_AIM OF THE EXERCISE_
Copy word for word the lines in the records below, starting at the line with "コロナ禍にもかかわらず、売上" and ending at the line with "Θήκη τηλεφώνου Samsung". Skip the pictures.

_SUPPLIED ENTRIES_

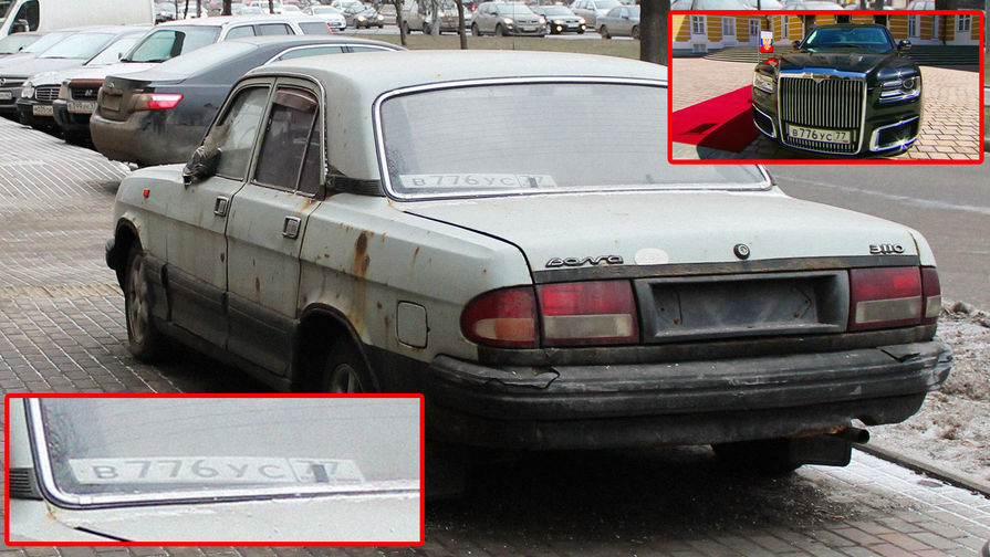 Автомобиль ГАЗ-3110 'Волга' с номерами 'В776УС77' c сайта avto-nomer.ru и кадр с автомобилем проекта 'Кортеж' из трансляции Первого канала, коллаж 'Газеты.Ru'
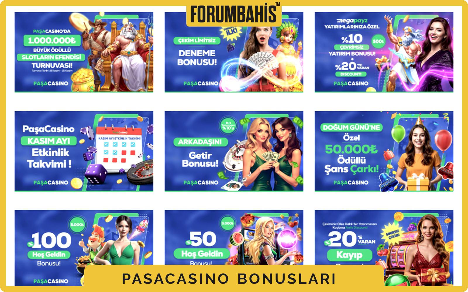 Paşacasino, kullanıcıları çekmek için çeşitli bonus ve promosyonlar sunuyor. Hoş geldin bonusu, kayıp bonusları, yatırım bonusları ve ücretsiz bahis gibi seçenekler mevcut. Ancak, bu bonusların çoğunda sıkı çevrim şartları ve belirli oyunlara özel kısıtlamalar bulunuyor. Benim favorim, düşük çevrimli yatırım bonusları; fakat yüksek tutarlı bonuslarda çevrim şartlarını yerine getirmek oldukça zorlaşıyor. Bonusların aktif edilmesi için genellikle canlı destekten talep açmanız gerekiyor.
---
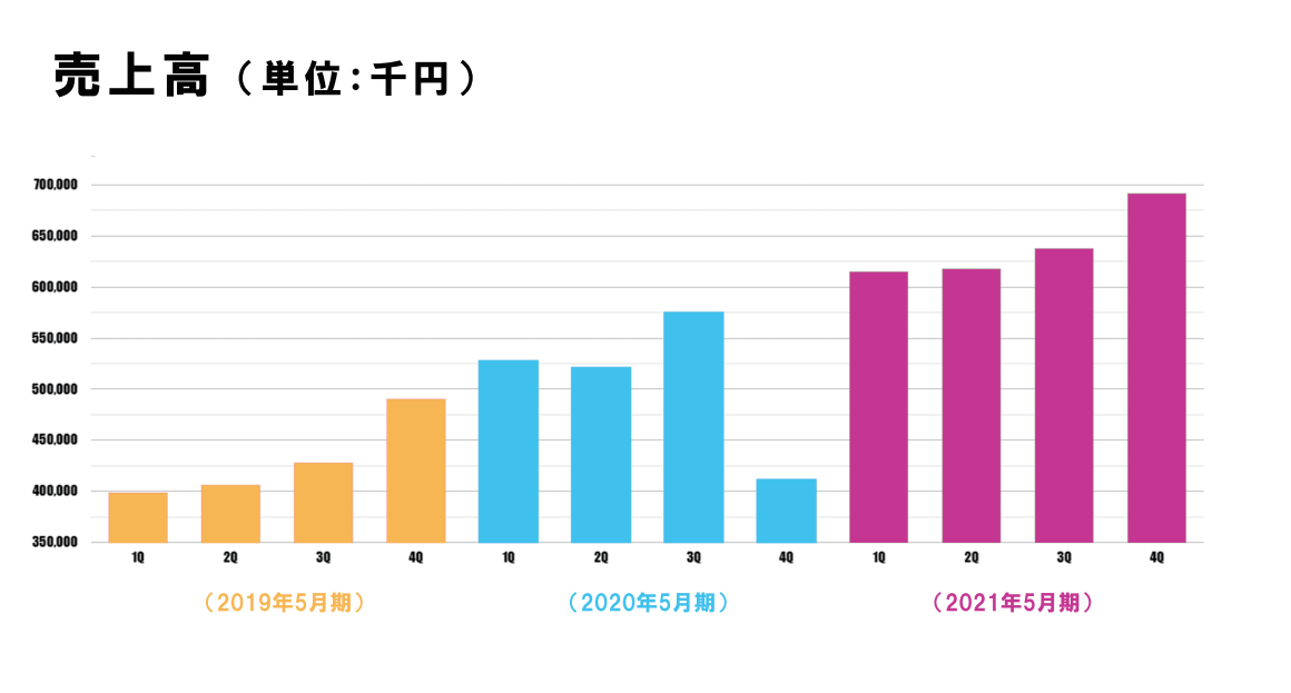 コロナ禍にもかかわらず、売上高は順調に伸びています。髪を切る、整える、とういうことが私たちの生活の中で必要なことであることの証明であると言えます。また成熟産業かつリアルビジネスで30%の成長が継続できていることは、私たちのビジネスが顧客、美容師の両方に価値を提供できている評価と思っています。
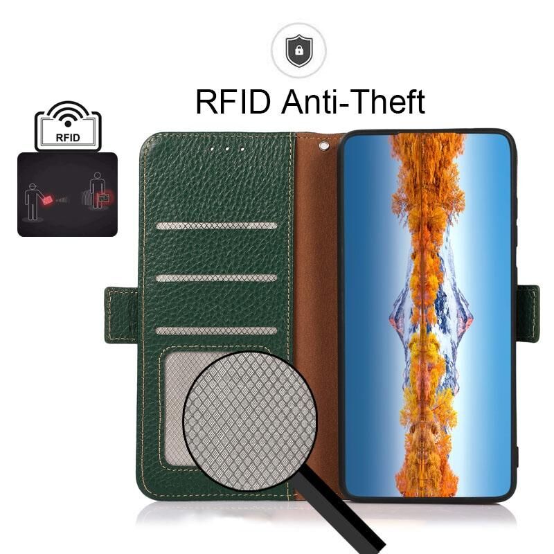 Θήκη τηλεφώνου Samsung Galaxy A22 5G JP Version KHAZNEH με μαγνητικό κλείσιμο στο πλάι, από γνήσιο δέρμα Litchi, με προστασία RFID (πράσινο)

_RESULT_
 コロナ禍にもかかわらず、売上高は順調に伸びています。髪を切る、整える、とういうことが私たちの生活の中で必要なことであることの証明であると言えます。また成熟産業かつリアルビジネスで30%の成長が継続できていることは、私たちのビジネスが顧客、美容師の両方に価値を提供できている評価と思っています。
 Θήκη τηλεφώνου Samsung Galaxy A22 5G JP Version KHAZNEH με μαγνητικό κλείσιμο στο πλάι, από γνήσιο δέρμα Litchi, με προστασία RFID (πράσινο)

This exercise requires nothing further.